■ Work instruction:
Retype each line below precisely and omit all images.

■ Dataset excerpts:
= Beginning of Section =
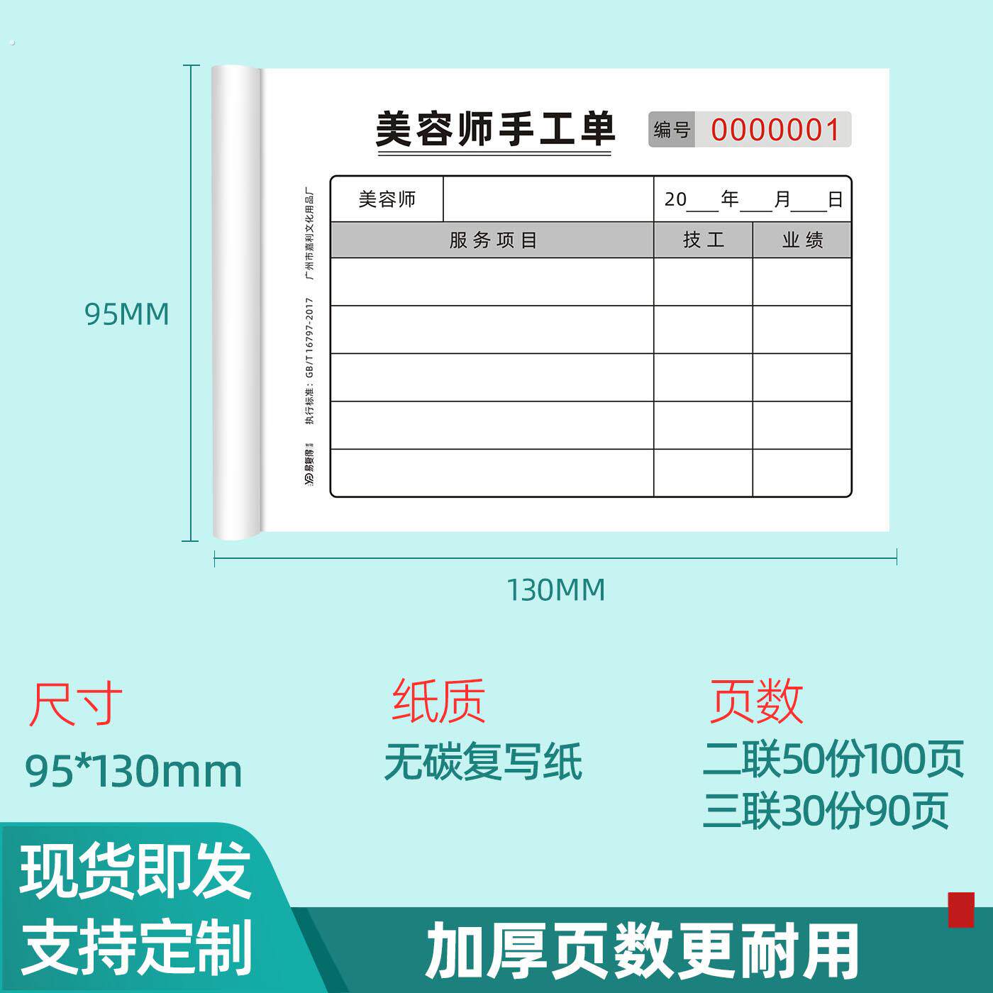 美容师手工单美容美甲业绩记工本美睫美体技师业绩本子技工提成本
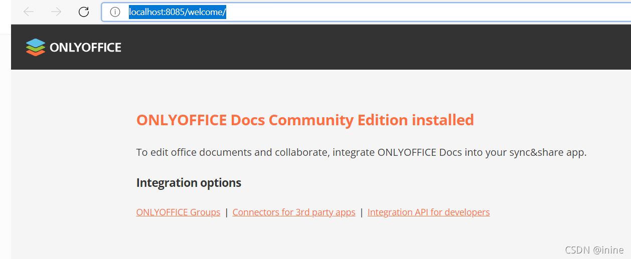 安装完成后输入:http://localhost:8085/welcome/ 页面,说明安装成功。
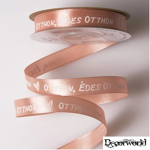 "OTTHON, ÉDES OTTHON" FELIRATOS SZATÉN SZALAG 12MM X 20M - PÚDER BÉZS
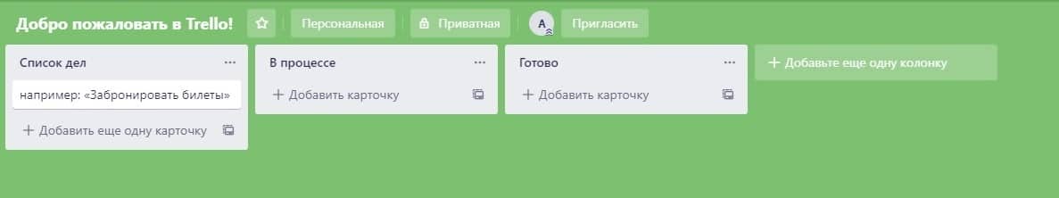 Функционал Trello должен упрощать взаимодействие между сотрудниками организации и (как следствие) повысить скорость и качество работы. Основным инструментом, с помощью которого этого можно добиться, является “доска”. Это раздел, где закреплены текущие, выполняемые и завершенные задачи. Последние, в свою очередь, представлены в виде стикеров. У пользователей есть возможность создавать, изменять и удалять задачи, а также их состояния, например, “На согласовании”, “У заказчика” и т. д. Кроме того, можно добавлять описание и перемещать задачи между разделами.
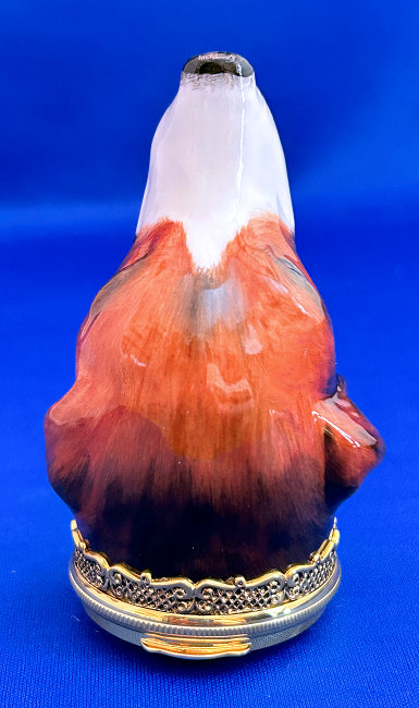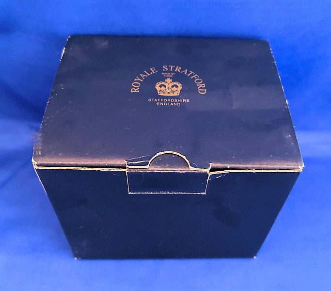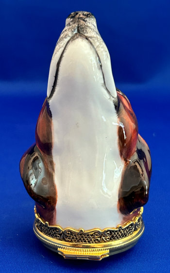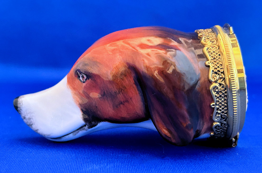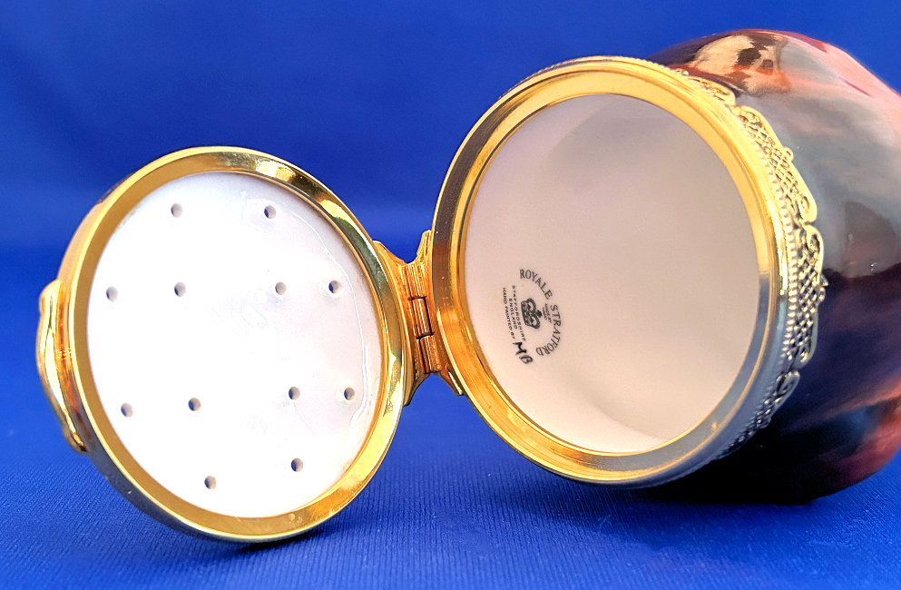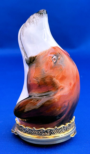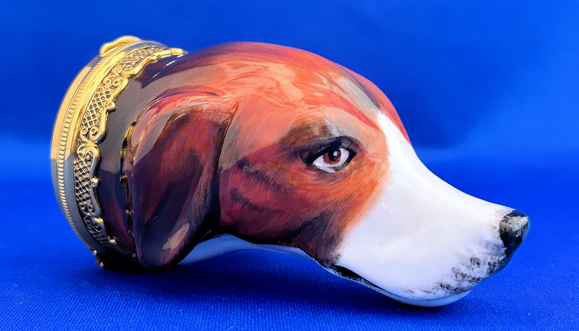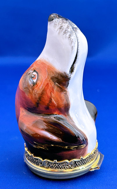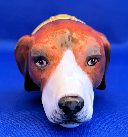 This lovely porcelain vinaigrette has been in my collection since the 1990's. He is a very realistic hand-painted fox hound and was made in the 1980's (at least at the estate sale where I bought it that is what I was told). The gold gilt collar is spectacular in its openwork pattern which is replicated in the design on the lid. The lid is pierced so you can put cotton inside with some perfume to waft out and make your drawers smell good. You could also use it for potpourri for the same purpose. Others have used these for trinkets ... totally up to you. The lid will stay closed but it was not made with a snap so don't expect it to snap shut tightly. This lovely piece comes in its original box and is in pristine, like brand new condition. It is signed inside with the artist's initials "MB" and marked "Royale Stratford, Staffordshire, England, Hand Painted by MB". It measures 3-1/2" long and the lid is 1-7/8" diameter. The hound measures 2-1/4" wide at the ears. They don't get much better than this! (Click on pic for more photos.) |
= End of Section =
■ Task solution:
 美容师手工单美容美甲业绩记工本美睫美体技师业绩本子技工提成本
 安装完成后输入:http://localhost:8085/welcome/ 页面,说明安装成功。
 "OTTHON, ÉDES OTTHON" FELIRATOS SZATÉN SZALAG 12MM X 20M - PÚDER BÉZS
 Функционал Trello должен упрощать взаимодействие между сотрудниками организации и (как следствие) повысить скорость и качество работы. Основным инструментом, с помощью которого этого можно добиться, является “доска”. Это раздел, где закреплены текущие, выполняемые и завершенные задачи. Последние, в свою очередь, представлены в виде стикеров. У пользователей есть возможность создавать, изменять и удалять задачи, а также их состояния, например, “На согласовании”, “У заказчика” и т. д. Кроме того, можно добавлять описание и перемещать задачи между разделами.
 This lovely porcelain vinaigrette has been in my collection since the 1990's. He is a very realistic hand-painted fox hound and was made in the 1980's (at least at the estate sale where I bought it that is what I was told). The gold gilt collar is spectacular in its openwork pattern which is replicated in the design on the lid. The lid is pierced so you can put cotton inside with some perfume to waft out and make your drawers smell good. You could also use it for potpourri for the same purpose. Others have used these for trinkets ... totally up to you. The lid will stay closed but it was not made with a snap so don't expect it to snap shut tightly. This lovely piece comes in its original box and is in pristine, like brand new condition. It is signed inside with the artist's initials "MB" and marked "Royale Stratford, Staffordshire, England, Hand Painted by MB". It measures 3-1/2" long and the lid is 1-7/8" diameter. The hound measures 2-1/4" wide at the ears. They don't get much better than this! (Click on pic for more photos.) |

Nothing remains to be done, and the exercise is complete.